Шварц – мой старший современник; то, о чем он рассказывает, что он видел взрослым человеком, падает на время моей ранней юности. Но все равно я его ясно помню; и это, хотя террор не коснулся серьезно моей семьи и моего ближайшего окружения. Теперь, перед новыми бедами, об этом прошлом в России стараются забыть. Но кто те времена повидал, память о них, волей-неволей, хранит и порою, в кошмарах, переживает вновь и вновь…
Лидия Чуковская. «Процесс исключения» (ИМКА-пресс, Париж, 1979)
Сам по себе рассказ об изгнании автора из Союза советских писателей порождает безоговорочную симпатию: «Блаженны гонимые правды ради»! Как и описание мытарств других исключаемых ее товарищей по несчастью.
Мужественное поведение, стойкость и находчивость Чуковской достойны часто восхищения. Например, такая ее реплика перед Секретариатом Союза: «С легкостью могу предсказать вам, что в столице нашей общей родины Москве неизбежны: площадь имени Александра Солженицына и проспект имени академика Сахарова». Многие ее мысли – неоспоримая правда: «Уморив в тундре миллионы ни в чем неповинных крестьян, Сталин подверг уничтожению и цвет интеллигенции: сотни талантливых людей, – тех, кто уже успел проявить себя в науке или искусстве, – и тысячи неуспевших погибли в лагерях». Или, – о временах ежовщины: «Для мозга рядового человека происходившее имело вид планомерно организованной бессмыслицы…»
В основу бед писательницы лег ее роман «Софья Петровна», переизданный во Франции под заглавием «Опустелый дом». Чуковская протестует против данного переименования и, сдается, напрасно! Оно ярче и точнее, чем просто имя героини (которое можно бы заменить другим, и к которому можно бы приделать иную фабулу, включая и вполне благополучную), ибо в нем – намек и на общество, утратившее понятие о праве и справедливости, и на женщину, потерявшую и совесть, и рассудок.
Основная борьба Лидии Чуковской шла за то, чтобы не были преданы забвению, для морального и практического комфорта советских властей, кошмарные ужасы сталинской эпохи. Читая об этих ее героических и напрасных усилиях, разбивающихся о стену бюрократического сопротивления, вспоминаются стихи Агриппы д’Обинье[236]

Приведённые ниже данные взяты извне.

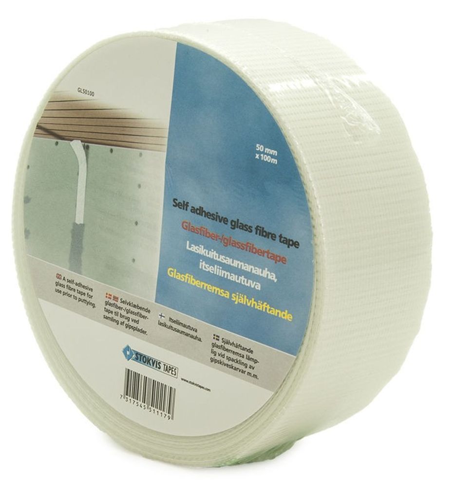 Spackelremsa, Glasfiber, självhäftande 50 mm x 100 m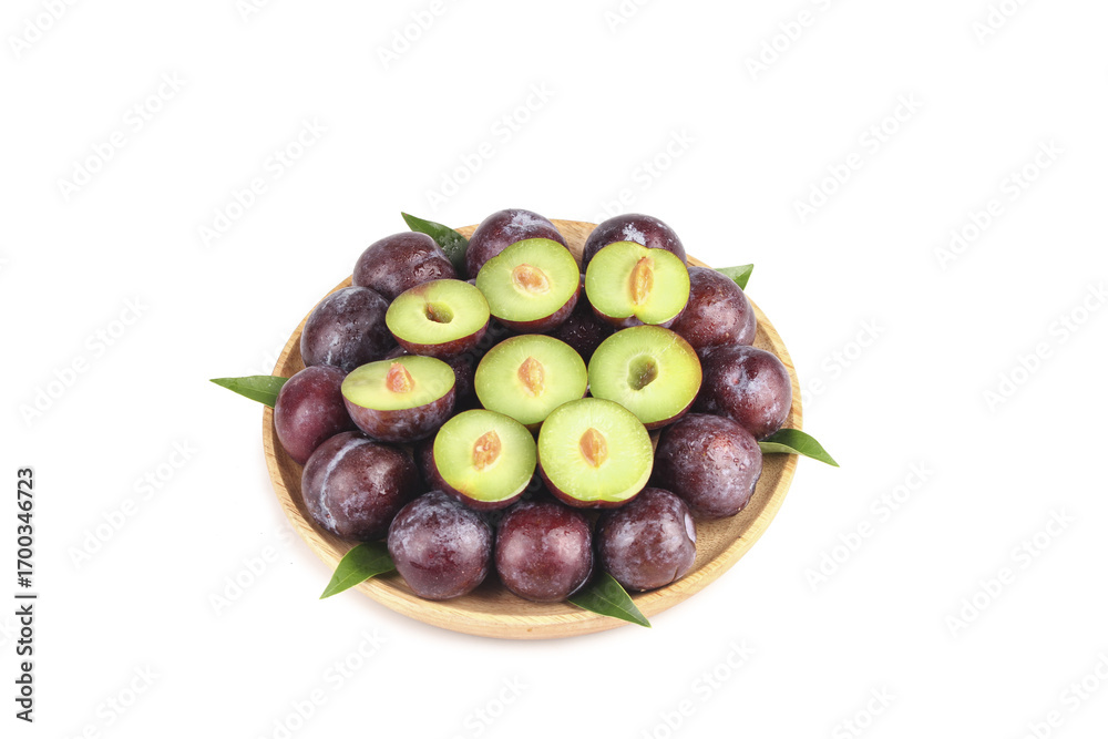 Fresh Sweet Plums in Wooden Bowl - Ripe Purple Fruit with Green Leaves Isolated on White Background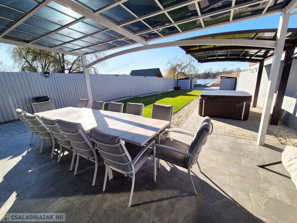 A teraszról könnyen elérhető a képen látható térkövezett, fedett részen egy szinte új, 4 személyes JAKUZZI mely megvásárolható,de a vételárat nem tartalmazza.
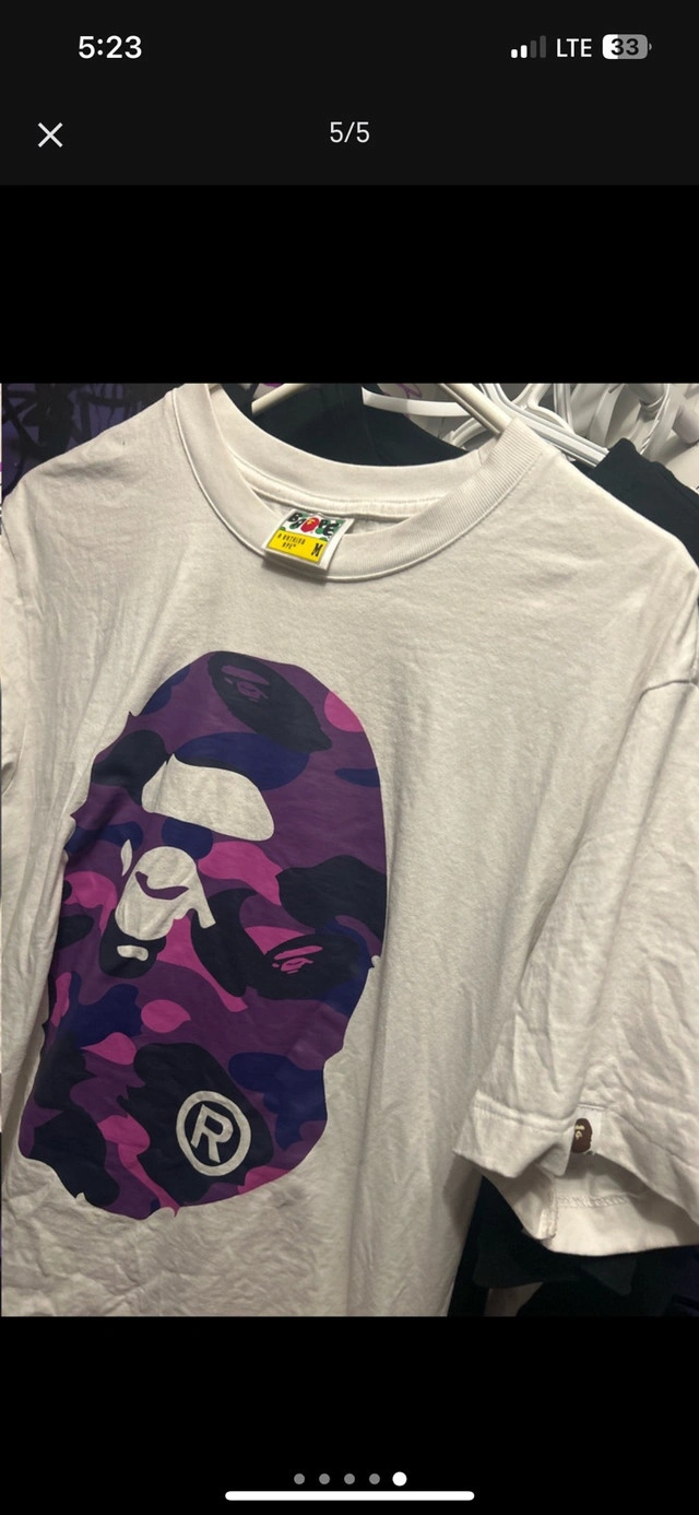 21Authentic BAPE tee featuring the classic purple camo Ape Head logo. Size Medium – fits true to size. Black colourway with purple camo graphic and BAPE sleeve tag. Good condition, no rips or stains. 100% authentic, from official A Bathing Ape drop.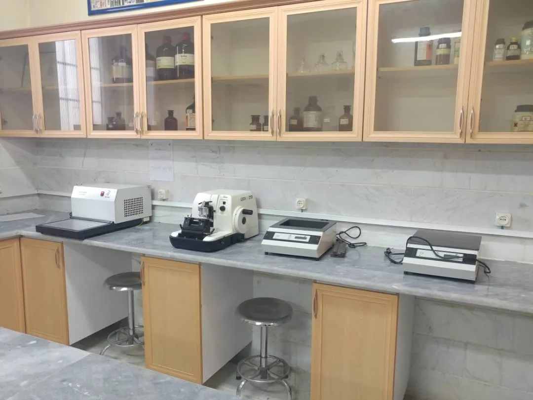 The laboratory is equipped with devices such as a tissue processor, paraffin dispenser, tissue float, cold plate, hot plate, microwave, stereomicroscope, research digital microscope, and slide dryer that are required for histological methods.
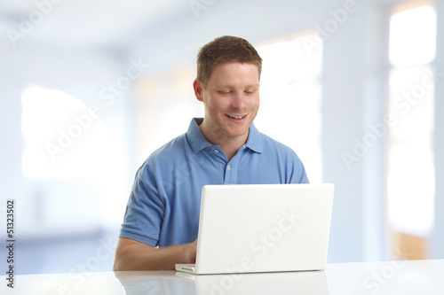laptop, man, computer, home, one person, young adult, smiling, happy, happiness, casual attire, male, typing, sitting, adult, indoor, looking, living room, office, color image, copy space, photo, education, student, classroom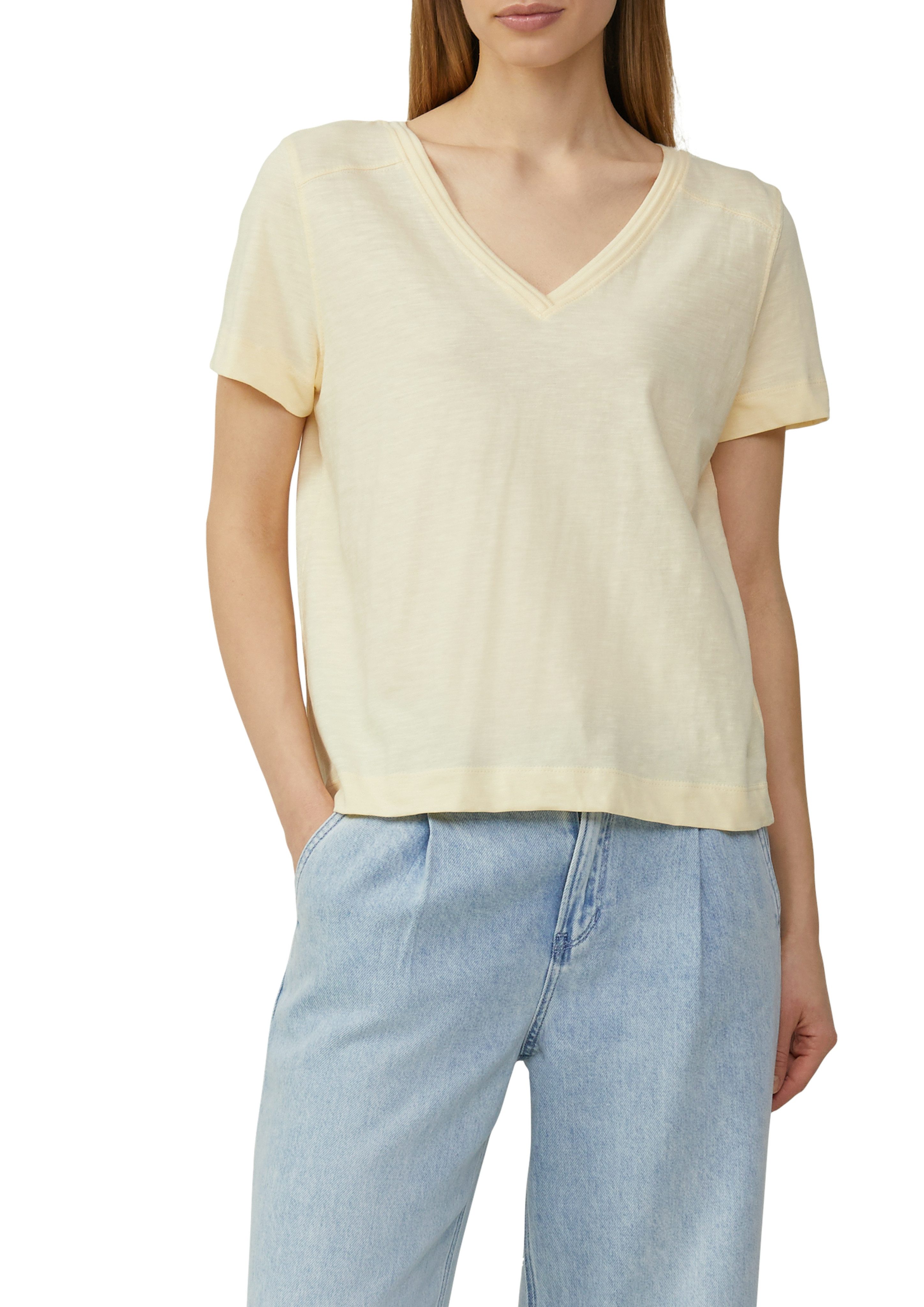 Gesucht und gefunden: Schau dir das T-Shirt von s.Oliver mal genauer an. Dieses Shirt hat einen V-Ausschnitt und ist taillenbedeckend sowie basic geschnitten und umspielt deinen Oberkörper locker.

:Однако, другой аспект ее деятельности наводит уже на некоторые сомнения: ее стремление добиться опубликования утаенного наследства, то есть книг погибших писателей или книг, не смогших увидеть свет в силу запретов советской цензуры. Казалось бы, что может быть почтеннее? Но, если издадут эти книги, мы в них неизбежно найдем славословия Сталину, чекистам, доносам: ибо, желая печататься, приходилось подобные места включать (иногда со скрежетом зубовным)! Не выйдет ли, во многих случаях, такое издание или переиздание не в честь, а в поношение покойным писателям; лгавшим, обычно, не по своему желанию, а по принуждению?

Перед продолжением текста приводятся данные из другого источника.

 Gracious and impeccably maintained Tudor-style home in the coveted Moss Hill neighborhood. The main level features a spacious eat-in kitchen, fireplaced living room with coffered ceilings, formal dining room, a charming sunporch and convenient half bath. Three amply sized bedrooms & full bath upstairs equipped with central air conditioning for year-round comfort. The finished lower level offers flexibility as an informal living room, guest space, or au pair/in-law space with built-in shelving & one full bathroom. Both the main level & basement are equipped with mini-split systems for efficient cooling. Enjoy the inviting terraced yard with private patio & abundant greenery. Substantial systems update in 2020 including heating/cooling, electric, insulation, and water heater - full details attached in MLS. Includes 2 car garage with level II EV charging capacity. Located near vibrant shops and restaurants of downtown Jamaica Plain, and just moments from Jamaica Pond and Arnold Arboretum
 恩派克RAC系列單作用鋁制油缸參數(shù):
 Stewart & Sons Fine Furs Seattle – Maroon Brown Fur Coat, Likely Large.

Отметим несколько деталей языка. Воспитанная в высококультурной семье, Чуковская правильно склоняет местные названия типа Преределкино: в Переделкине, о Переделкине, лето Переделкина. Любопытно ее колебание о том, как надо писать о КГБ: ворвалось или ворвался? Полагаем, что правильнее – ворвалось; ибо Ка-Ге-Бе, в произношении кончающееся на е, по законам русской грамматики – среднего рода, как и Энкаведе. Да это им и лучше подходит: некое леденящее, бездушное оно…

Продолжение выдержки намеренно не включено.